Cows are not safe either.

http://www.ibtimes.com/beef-recall-...r-plastic-found-national-school-lunch-program


----------



## BrotherBart (May 24, 2014)

Koo Koo Ka Choo Mrs. Robinson.


----------



## BrotherBart (May 24, 2014)

begreen said:


> Cows are not safe either.



At least they are smart enough not to eat the dang stuff.


----------



## begreen (May 25, 2014)

I wouldn't bet on that.
http://www.itla.net/longhorn_information/index.cfm?con=plastic
http://www.cattletoday.com/forum/viewtopic.php?f=7&t=53494


----------



## Doug MacIVER (May 25, 2014)

people stupid or lack common sense


----------



## woodgeek (May 25, 2014)

Ok.  Cattle can die when they eat plastic twine, and there are approximately 200,000,000,000,000 pieces of *microscopic* plastic lint fibers frozen in artic sea ice.  Same stuff you pull out of your dryer every week.  (article drops 3 zeros in headline)
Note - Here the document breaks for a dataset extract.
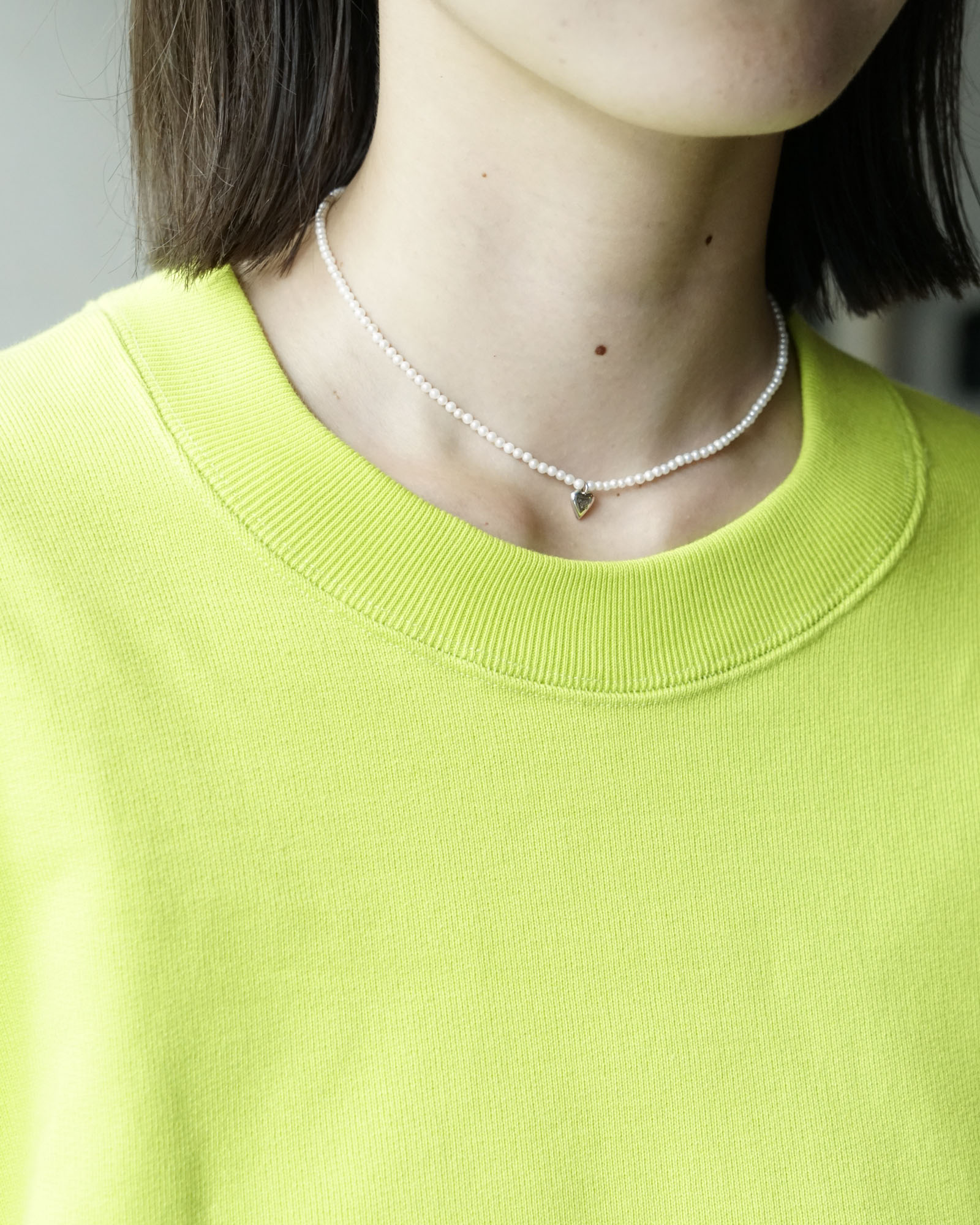 BABY HEARTは丁度鎖骨の間にハートが来る長さ。ちょこんとした小さなハートが愛おしい。

Cows will get impacted by eating lint fibers from melting sea ice?


----------



## Where2 (May 25, 2014)

Doug MacIVER said:


> people stupid or lack common sense


...to deal with glass bottles. Remember the days when you cut your feet open at the beach on all the pop top tabs and bottle caps littering the shore?


----------



## My Oslo heats my home (May 25, 2014)

recycling seems like a hassle to most people in these fast paced times.


----------



## Seasoned Oak (May 25, 2014)

No matter how polluted water may get , rainwater has the benefit of a complete cleansing with each rain/evaporation cycle. Only danger there is air pollution getting picked up on the way down. Luckily the air in the US seems to be getting cleaner, but we now get pollutants from china and asia traveling east. The ocean on the other hand will have this plastic problem and pollution for many generations to come.


----------



## Doug MacIVER (May 25, 2014)

Seasoned Oak said:


> No matter how polluted water may get , rainwater has the benefit of a complete cleansing with each rain/evaporation cycle. Only danger there is air pollution getting picked up on the way down. Luckily the air in the US seems to be getting cleaner, but we now get pollutants from china and asia traveling east. The ocean on the other hand will have this plastic problem and pollution for many generations to come.


remember acid rain? we shouldn't have any fresh water life by now! still there but corrected the ph  and probably over hyped, still a positive for mother nature and man . ever try to grow grass under an oak? plastic disposal is human lazzzzzzzzzzzzzzziness showing! hanover, mass. still has yet to have mandatory recycling?


----------



## woodgeek (May 25, 2014)

Acid rain didn't magically go away.  It went away because of govt mandated reductions in SO2 emission, billions of dollars in scrubbers, refinery refits, finding different coal sources, a process that is still underway with ULSD.  I guess it was a bunch of hype.  You don't hear much about that ozone hole thing anymore either, whats up with that?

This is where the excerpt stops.